Now, the verb 'to stand' is flexible enough for lots of periphrastic things, but it'd seem this kind of 'gap' in its meaning would lead to even more periphrasis.

Wednesday, January 8, 2014

Detail #74: Encoding emotional stances in temporal adverbs

Adverbs such as 'again', 'intermittently', 'on occasion', 'back then', 'recurrently', 'often', 'seldom', etc easily could combine with various emotional components, possibly in a systematic way. Obviously, some gaps easily could occur in such a system.

Meanings such adverbs would encode include '(too) often', 'seldom (enough)', 'back then (~in the good old days~)', 'again (argh why the heck does that have to happen again blargh)', 'back then (man I hated those times)', 'soon (and luckily, not too soon)', a while ago (and I am happy that much time has passed), etc. Emotions basically are marked on scales of intensity of emotion, positive or negative emotion as well as two points off that axis representing 'sufficient' or 'insufficient' - i.e. frequency, time passed or remaining, or sufficiently long or short time span.

Sunday, January 5, 2014

Detail #73: Narrative and poetic use of evidentiality

Evidentiality has become somewhat popular, and the kinds of question you see on conlanger forums often relates to how it's dealt with in indirect speech, whether there's separate evidentialities for stories and poetry, etc.

I came up with a particular set of neat ideas for how evidentiality could be used in narratives and in poetry, but these usages have implications for the use of evidentiality throughout the language.

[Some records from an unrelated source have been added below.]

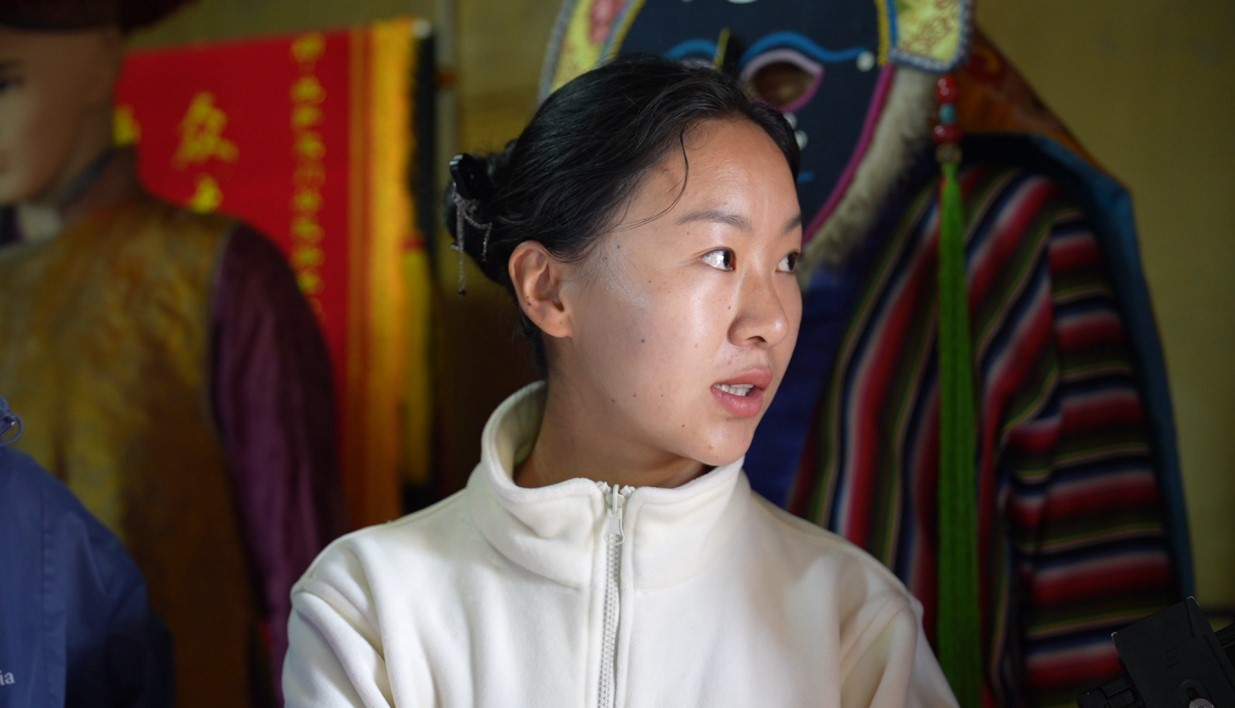 ??巴桑德吉在講述她與唐卡的故事(7月23日攝)。 新華網(wǎng)發(fā) 謝林翰 攝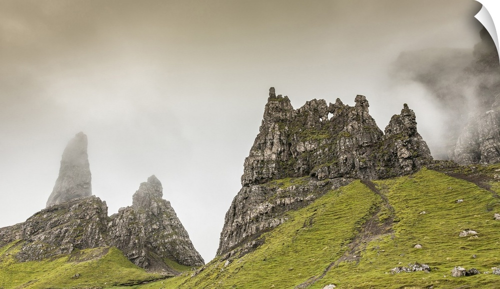<p>Misty Storr pinnacles on the Isle of Skye.</p>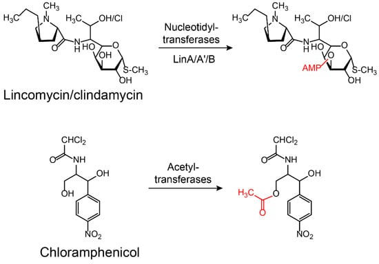 Inactivation of lincomycin/clindamycin and chloramphenicol by nucleotidyltransferases or acetyltransferases. LinA/A’/B: Lincomycin nucleotidyltransferases A/A’/B.
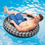 Step into the water and step into bliss with this inflatable Giant Tire Tube. It is large, thirty-six inches, and made from sturdy, double-valve, vinyl. The generous size will let you really get comfortable and stretch out, and the sporty design will help you do it in style. Sized for adults.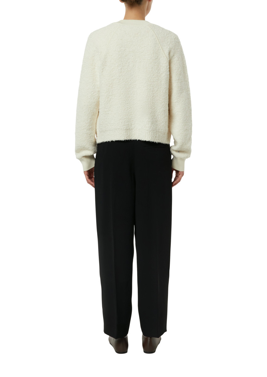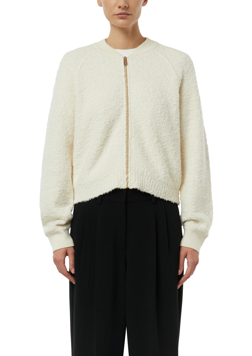 Modische Bomber-Bouclé-Strickjacke mit durchgehendem Reißverschluss und legeren Raglanärmeln. Die strukturierte Bouclé-Optik verleiht dem Modell ein modernes, gleichzeitig zeitloses Erscheinungsbild. Dank der Baumwollbasis ist die Jacke angenehm zu tragen und vielseitig kombinierbar.Lief.-Art-Nr: 2176566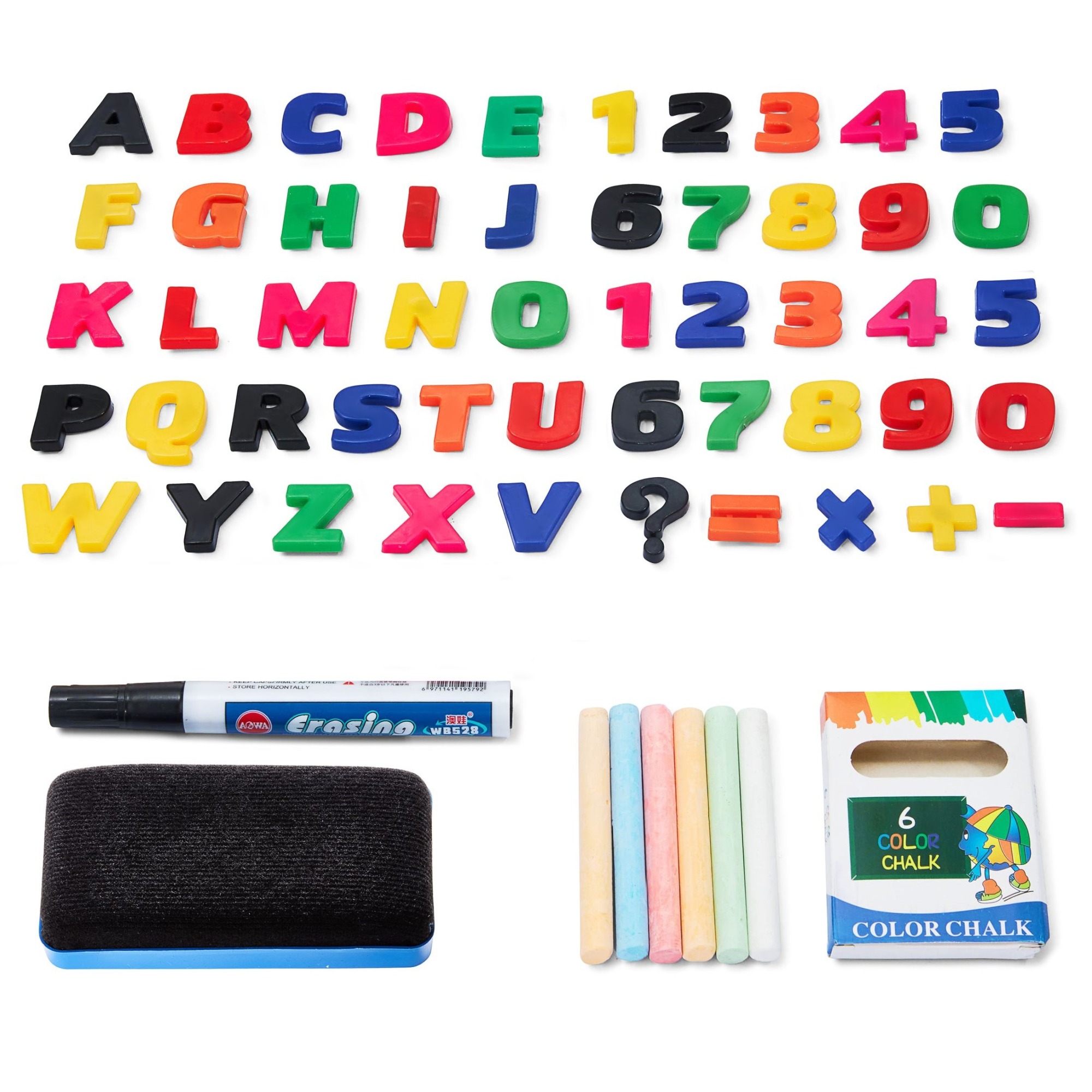 - Σετ αξεσουάρ: κιμωλία, μαρκαδόρος, σφουγγάρι, μαγνητικά γράμματα και αριθμοί

1. Ascending Evidentiality
Often, in poetic contexts, evidentiality tends to ascend - within a stanza, it is rather seldom that a verb has a less strong evidentiality than a previous verb has. Thus, when praising a king or the beauty of a woman or flower or whatever, the intensity of the evidentiality with which the poet has experienced the greatness/beauty/etc grows, while also possibly other details go towards more intense strengths as well - stronger adjectives, greater deeds, etc.

2. Descending evidentiality in narratives and plays
Often, the audience is informed that a character is being deceptive by his repeating similar lines with clearly weakening evidentiality, here given as if translated into English:
I have witnessed how he plans the deed, I have inferred that he's up to something, I have heard rumors that he will kill you, I suspect that he is out for your life
Sometimes, a descending evidentiality chain is broken - thus basically being a short plot twist - suspected deceiver was honest all along.

What we can deduce about the language where this feature exists as far as grammar goes is that evidentiality is not stacked or changed in indirect speech - the verb form used by the person making the original utterance is usually preserved. We also clearly can tell that narratives use the usual evidentialities, rather than some kind of 'fictive evidentiality' or other notions that some conlangers have played around with.

Saturday, January 4, 2014

On with detail #69: A construction for predicative comparison

Developing this idea a bit, we get to constructions along the line of 
Stephen is taller than Everett 
So, we have one separate lexeme for tall (let us call it 'tall'), and one somewhat more general lexeme for 'taller' (also including meanings like bigger, stronger, wider, meatier, manlier, more robust, sturdier... ). Let us say the comparative lexeme is 'balls'. The above meaning would correlate to
Stephen is balls, Everett (is) tall.
For a thing like 'Stephen is stronger than ever', you could do something like:
Stephen is balls since strong? Stephen is balls ever strong? Stephen is now balls for strong.
Of course, some languages have comparatives also doing double duty as some kind of intensifying adjective. This obviously has a problem in a language with this adjective system, as the more intense adjectives all cover a much wider semantic space than the regular ones.

What could help this out would be some kind of almost-duplication:
Stephen is balls tall ('Stephen is very tall')
The two words don't need to form a sequence, they can be distributed throughout the sentence depending on various factors.